START Task input
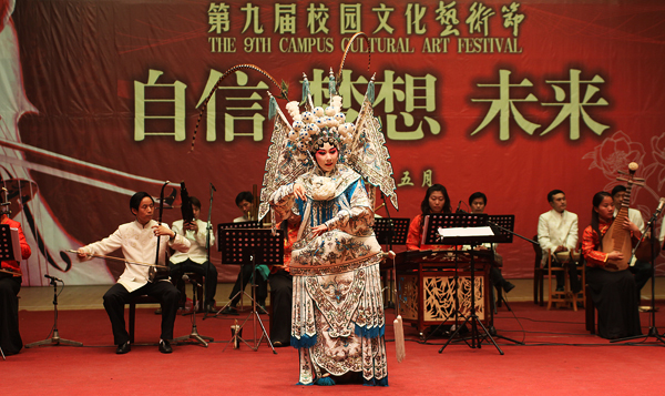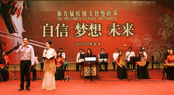 演出由国家一级演员、影视剧三栖明星侯长荣先生,国家一级演员诸葛秀兰主持并讲析,共演绎了八个富有特色的节目。民乐合奏《扬州好》、《扬剧曲牌曲目协奏》,扬剧花鼓调联唱《俏人儿》、《十杯酒》、《采莲调》,经典扬剧《百岁挂帅•寿堂》等相继登台,联袂上演了一场扬剧盛宴。由艺术家带领同学互动模仿的扬剧秀,给现场平添了几分喜剧效果。演出给观众带来精美艺术鉴赏的同时,也为本次校园文化艺术节传统文化系列节目画上了浓墨重彩的一笔。
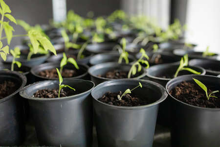 Solanum lycopersicum: tomato seedlings grow in a pot at home
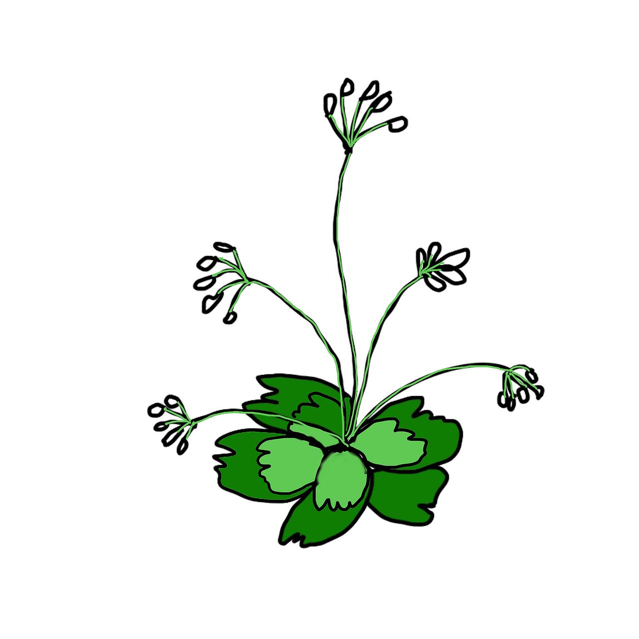 다섯개의 꽃이 모여서 한 화경을 이루고 있고 또 다른 화경에 또 다른 다섯개의 꽃이 모여 납니다.
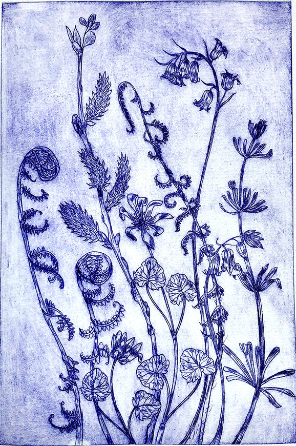 This print illustrates the fine details of bluebells, ferns, plantain, willow catkins, and celandines. All my prints are handprinted in small batches, this print is a limited edition of 20 etchings.
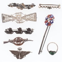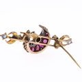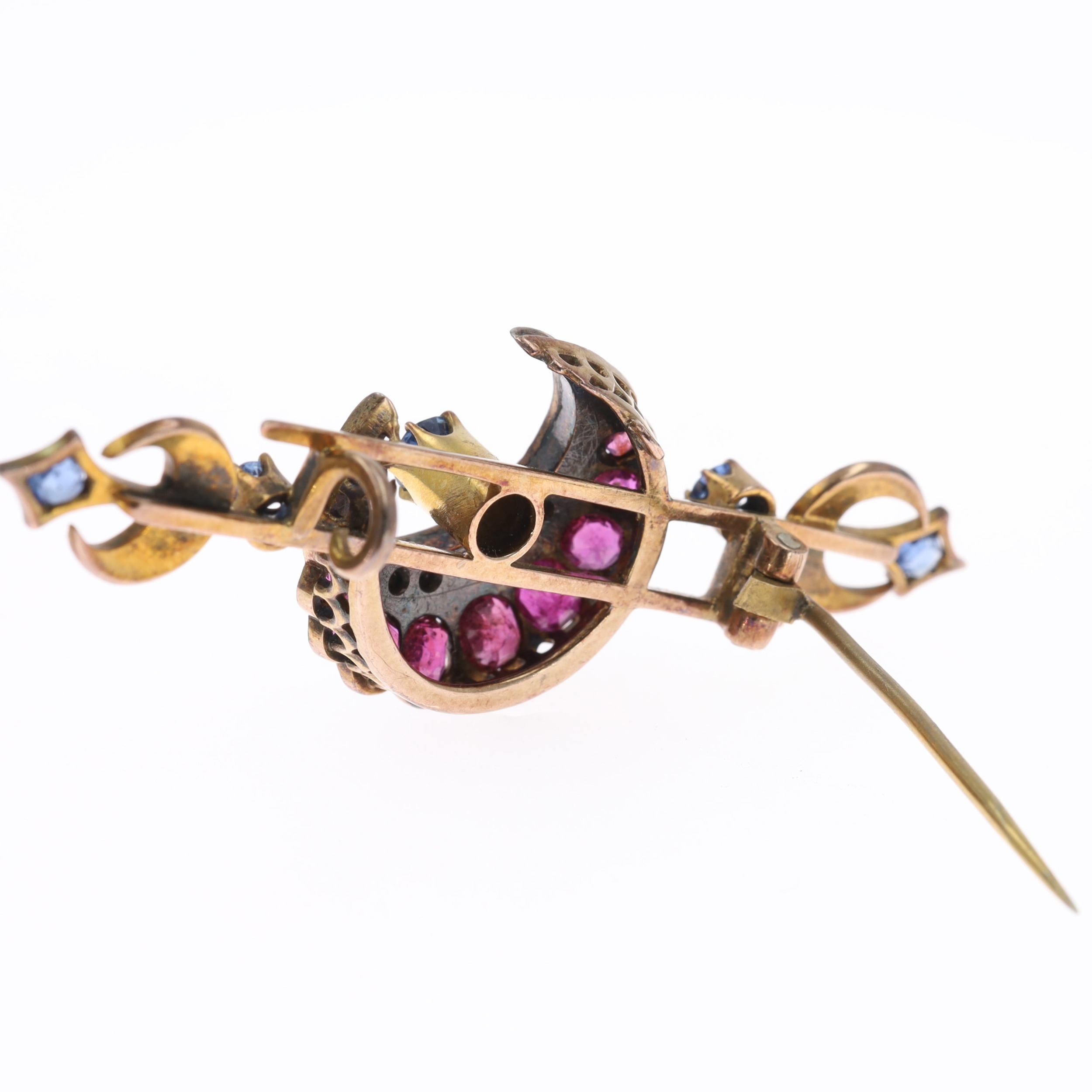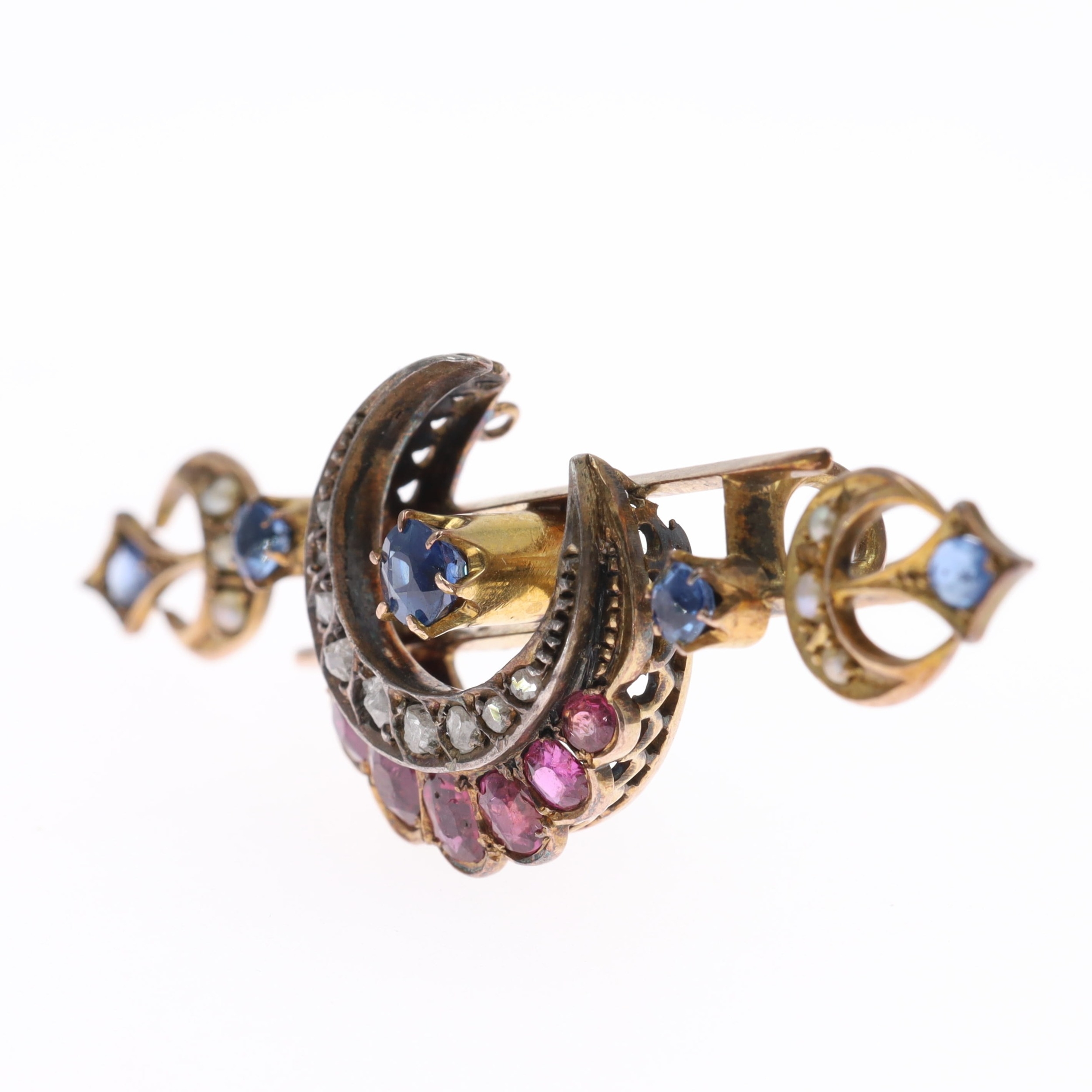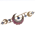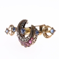Victorian Diamond, Sapphire and Ruby Gold Crescent Moon Brooch
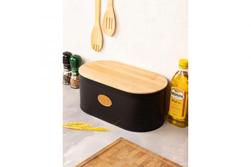 Хлебница 34*18*14 см "Черная" с бамбуковой крышкой
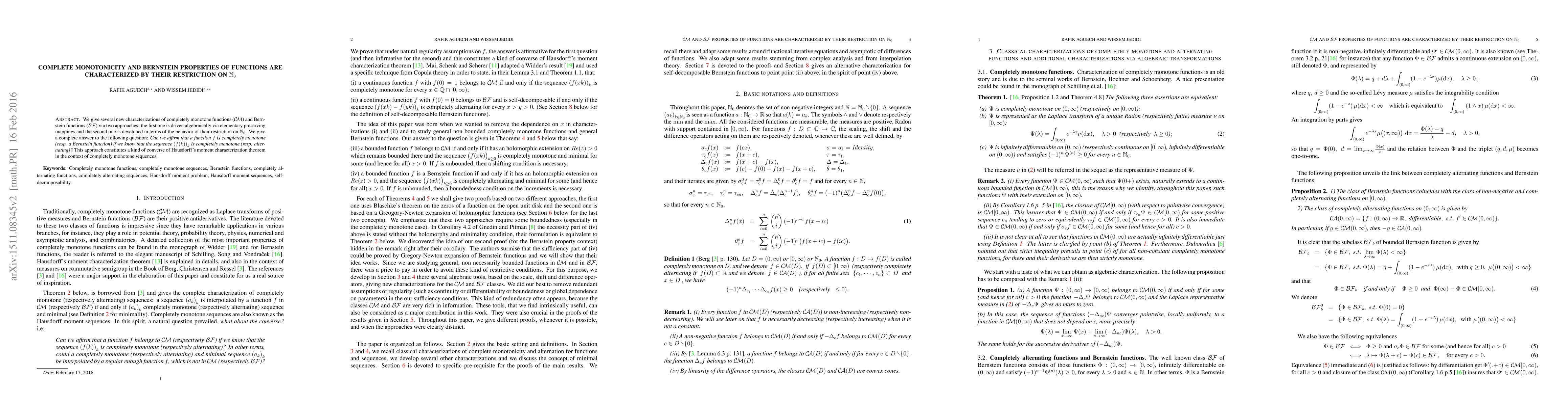 Research characterizes completely monotone functions and Bernstein functions based on their restriction to non-negative integers, providing a converse of Hausdorff's moment characterization theorem.
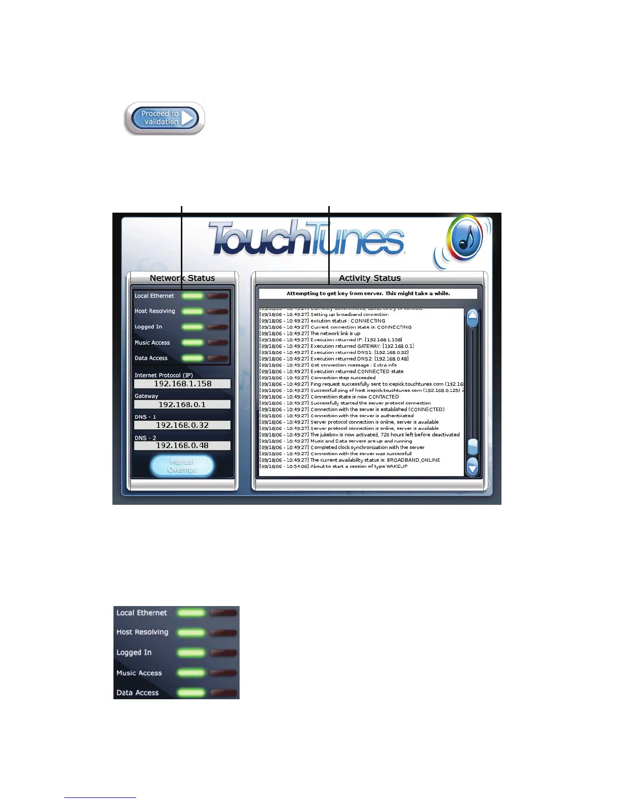 communicate with the TouchTunes server. Network status LED indicators display the success
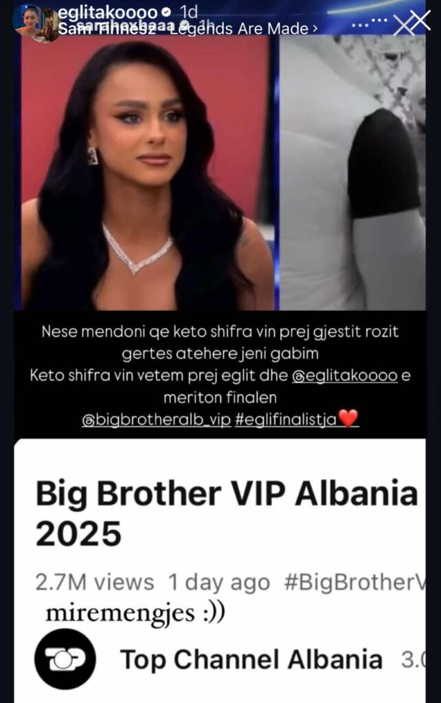 “Nëse mendoni që këto shifra vijnë prej Gjestit, Rozit, Gertës atëherë jeni gabim. Këto shifra vijnë vetëm prej Eglit dhe Egli Tako meriton finalen”, thuhet mes tjerash në këtë reagim.
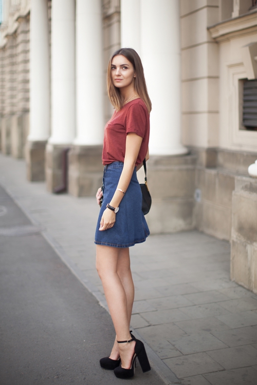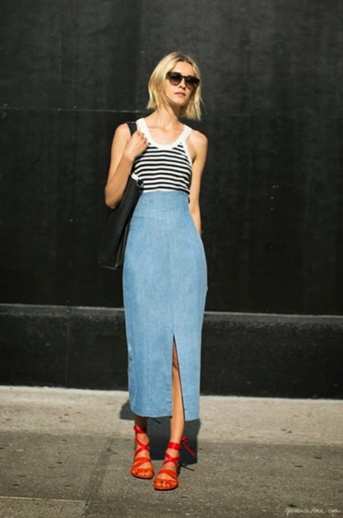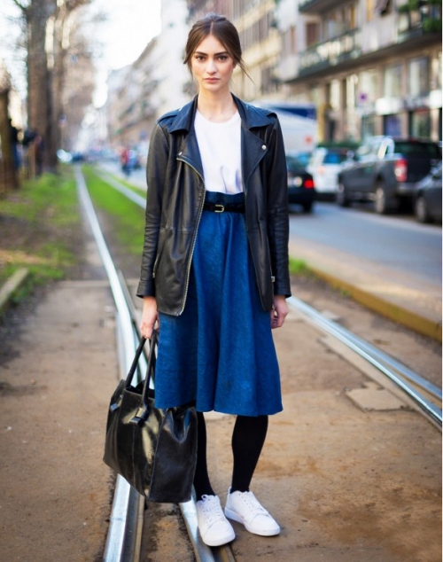 #5 ลุคนี้เก๋สุดๆ แมทช์กับเสื้อยืดแขนสองส่วนเข้ารูป กระโปรงเดนิมบานๆ นิดความยาวเลยเข่า และรองเท้ารัดส้น
END Task input
Work instructions: Pictures aside, return all of the material exactly as written.

Solution for this exercise:
 演出由国家一级演员、影视剧三栖明星侯长荣先生,国家一级演员诸葛秀兰主持并讲析,共演绎了八个富有特色的节目。民乐合奏《扬州好》、《扬剧曲牌曲目协奏》,扬剧花鼓调联唱《俏人儿》、《十杯酒》、《采莲调》,经典扬剧《百岁挂帅•寿堂》等相继登台,联袂上演了一场扬剧盛宴。由艺术家带领同学互动模仿的扬剧秀,给现场平添了几分喜剧效果。演出给观众带来精美艺术鉴赏的同时,也为本次校园文化艺术节传统文化系列节目画上了浓墨重彩的一笔。
 Solanum lycopersicum: tomato seedlings grow in a pot at home
 다섯개의 꽃이 모여서 한 화경을 이루고 있고 또 다른 화경에 또 다른 다섯개의 꽃이 모여 납니다.
 This print illustrates the fine details of bluebells, ferns, plantain, willow catkins, and celandines. All my prints are handprinted in small batches, this print is a limited edition of 20 etchings.
Victorian Diamond, Sapphire and Ruby Gold Crescent Moon Brooch
 Хлебница 34*18*14 см "Черная" с бамбуковой крышкой
 Research characterizes completely monotone functions and Bernstein functions based on their restriction to non-negative integers, providing a converse of Hausdorff's moment characterization theorem.
 communicate with the TouchTunes server. Network status LED indicators display the success
 “Nëse mendoni që këto shifra vijnë prej Gjestit, Rozit, Gertës atëherë jeni gabim. Këto shifra vijnë vetëm prej Eglit dhe Egli Tako meriton finalen”, thuhet mes tjerash në këtë reagim.
 #5 ลุคนี้เก๋สุดๆ แมทช์กับเสื้อยืดแขนสองส่วนเข้ารูป กระโปรงเดนิมบานๆ นิดความยาวเลยเข่า และรองเท้ารัดส้น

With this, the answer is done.